La Région wallonne est prête à défendre un plan de développement industriel pour Dupuis à Charleroi. J’ai laissé le manager de crise, Mme Huguette Marien, prendre ses fonctions. C’est un poste intérimaire et le risque est qu’il manque d’autonomie. Je demanderai à la rencontrer personnellement pour lui rappeler que nous tenons absolument à cette entreprise et que nous voulons la voir se développer à Charleroi. Il est impératif qu’elle ne devienne pas, en Wallonie, un centre d’impression réduit dans son autonomie et son dynamisme. Dupuis pourrait se fragiliser fortement si des fonctions managériales n’étaient pas maintenues à Charleroi.

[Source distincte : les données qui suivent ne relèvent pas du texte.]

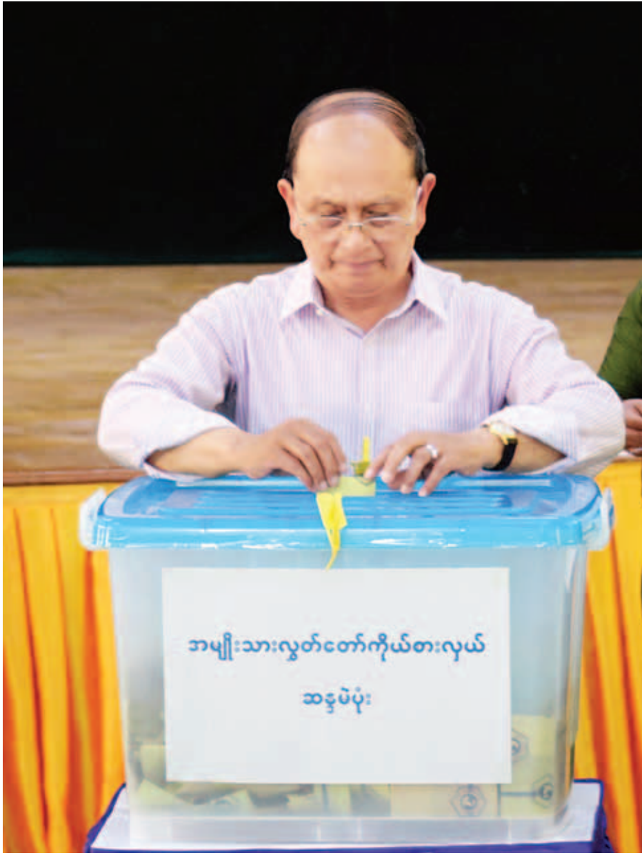
နိုင်ငံတော်သမ္မတ ဦးသိန်းစိန် ဆန္ဒမဲလက်မှတ်ကို မဲပုံးအတွင်း ထည့်သွင်းနေစဉ်။ (သတင်းစဉ်)

ပြီး သက်ဆိုင်ရာ မှတ်တမ်းစာအုပ် များ၌ မှတ်တမ်းရေးသွင်းကြသည်။ ၂၀၁၅ ခုနှစ် ပါတီစုံဒီမိုကရေစီ အထွေထွေ ရွေးကောက်ပွဲကို ရွေးကောက်ပွဲဥပဒေ၊ နည်းဥပဒေများ နှင့်အညီ သန့်ရှင်းလွတ်လပ်ပြီး တရား မျှတစွာ ကျင်းပရာတွင် မဲဆန္ဒရှင်များ လွတ်လပ်လွယ်ကူစွာ လျှို့ဝှက်ဆန္ဒပြု နိုင်ရန် မဲရုံများ၌ ဆန္ဒမဲပေးပိုင်ခွင့် ရှိသူများအား မဲရုံများအတွင်းသို့ စည်းကမ်းတကျ ဝင်ရောက်မဲပေးနိုင် ရေး စနစ်တကျ စီမံဆောင်ရွက်ပေး လျက်ရှိသည်ကို တွေ့မြင်ရသည်။ (သတင်းစဉ်)

Je verrai, dans les jours, qui viennent le manager de crise et j’écouterai ce qu’il a à dire. Il faut maintenir le développement de la BD à Charleroi, c’est un élément essentiel du patrimoine culturel wallon.

Philippe Fontaine (MR).
– Je suis d’accord quant au principe émis par le Ministre. Je reste néanmoins très inquiet.
Je tiens à saluer le fait que l’équipe de direction de Charleroi a attiré l’attention sur ce dossier par la démission de M. Kennes.

Je ne sais pas si le manager de crise dispose d’une réelle autonomie. Il serait donc judicieux de rencontrer également Média-Participations car la clé du problème se trouve à ce niveau, celui où les décisions sont prises.

Il faut tout faire pour que Dupuis reste à Marcinelle, avec une autonomie éditoriale suffisante. Il en va de notre patrimoine culturel. De même, que serait Dupuis sans les créateurs ? C’est un élément important pour le futur.

J’espère que vous nous annoncerez de meilleures nouvelles à l’avenir.